Cultural shifts have changed norms associated with death in Japan

A delegation from Japan visited Hospice Berlin, of the Advent Welfare Organization (AWW) on May 30, 2018. The Japanese delegation included 15 healthcare professionals, among them physicians, scientists, and managing directors from the nursing and medical sectors. Their intended purpose, they shared, was to get acquainted with the outpatient and inpatient hospice service in Germany.

“When dealing with the prospect of facing death, Germany is vastly superior to us,” said journalist Asakawa Sumikazu, who organized the trip.

She explained that the Japanese are fixed on the idea of dying in a hospital. The 21st-century family is shying away from confronting death in their own homes. The topic of death itself is a taboo. People don’t want to spend a lot of time in terminal care. “The Japanese of today want to have everything as simple as possible,” she said. The mission of the Japanese delegation was to relearn how to help people to die in a comfortable environment, something that was the norm in Japan in the past.

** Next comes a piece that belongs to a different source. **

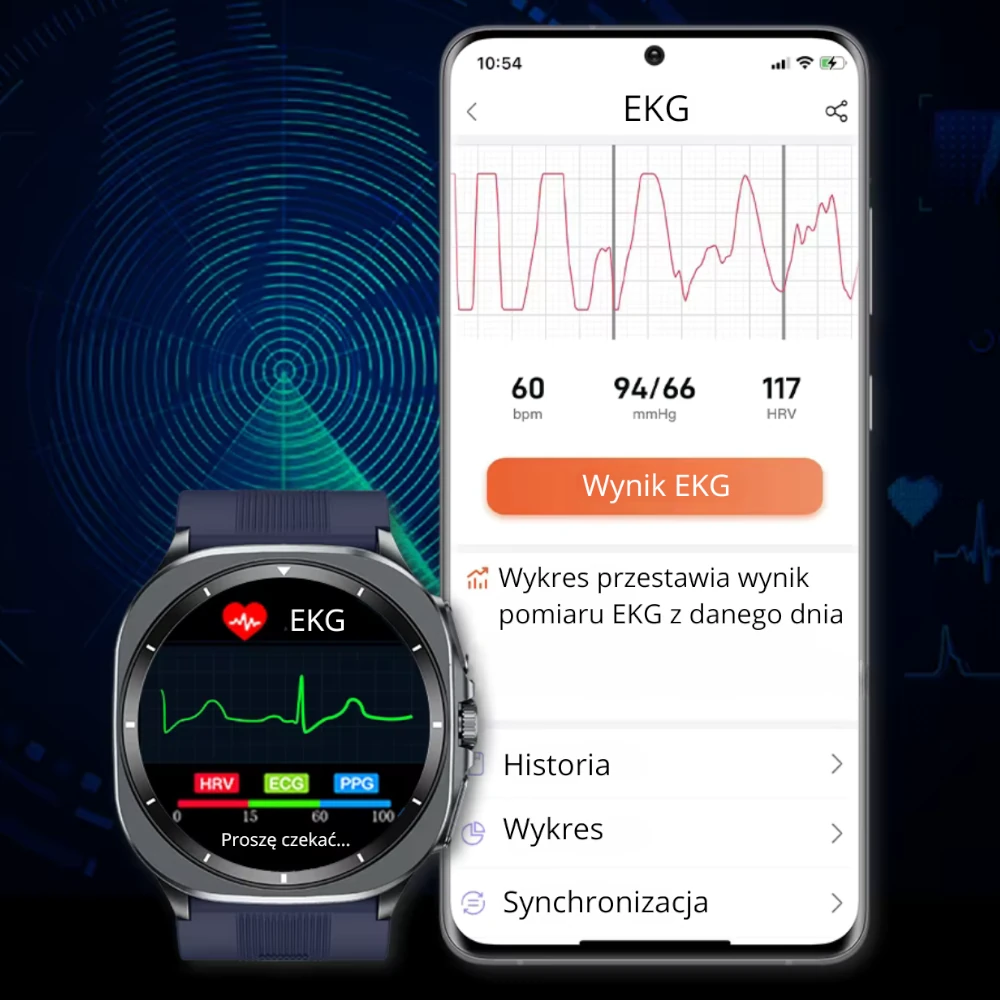 Wszystkie wyniki są automatycznie zapisywane i synchronizowane z aplikacją Kardiowatch, co umożliwia długoterminową analizę danych, obserwację zmian oraz przygotowanie do wizyty u specjalisty.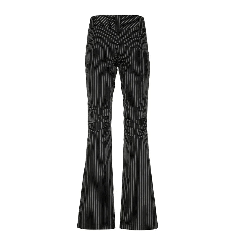 Eleganckie rozszerzane spodnie z nutą vintage i nowoczesnym stylem. Dopasowany krój z niskim stanem i rozszerzaną nogawką jest idealny zarówno do biura, jak i na nieformalne okazje. Klasyczny design i delikatne rozcięcie nadają każdej stylizacji wyrafinowany wygląd.

Adventist Hospice Services in Germany

The beginnings of hospice work in the AWW go back 20 years when an outpatient hospice service was established in Berlin. In 2009, in cooperation with an outpatient hospice service in the region, AWW opened “Hospiz Friedensberg” in Lauchhammer (southern Brandenburg) as the first full-time hospice. In 2014 it was followed by “Hospiz am Stadtwald” in Uelzen. The ambulant hospice service of the AWW in Berlin currently works with more than 50 volunteers, under the leadership of coordinator Aristide Proksch.

Advent Welfare Organization

Advent Welfare Organization (AWW) is a non-profit organization which, together with several social institutions and various subsidiary companies, forms the social network of the Seventh-day Adventist Church in Germany. In addition to hospice work, AWW’s facilities include five daycare centers (Berlin, Fürth, Munich, Penzberg, and Bad Aibling), one daycare nursery (Neuburg, Donau), one family center (Penzberg, Bavaria), one addiction counseling and treatment center (Chemnitz), one shelter for homeless women (Leipzig), and one day meeting center for people in need (Freiberg, Saxony). It also includes one contact and counseling center in Schwedt, Oder, one high school with an elementary school (Oranienburg), four retirement homes (Friedensau at Magdeburg, Berlin-Steglitz, Uelzen, Neandertal near Mettmann), four facilities for assisted living and the addiction clinic “Haus Niedersachsen” in Dedelstorf near Gifhorn.

The work of AWW across Germany is supported by about 100 volunteer groups.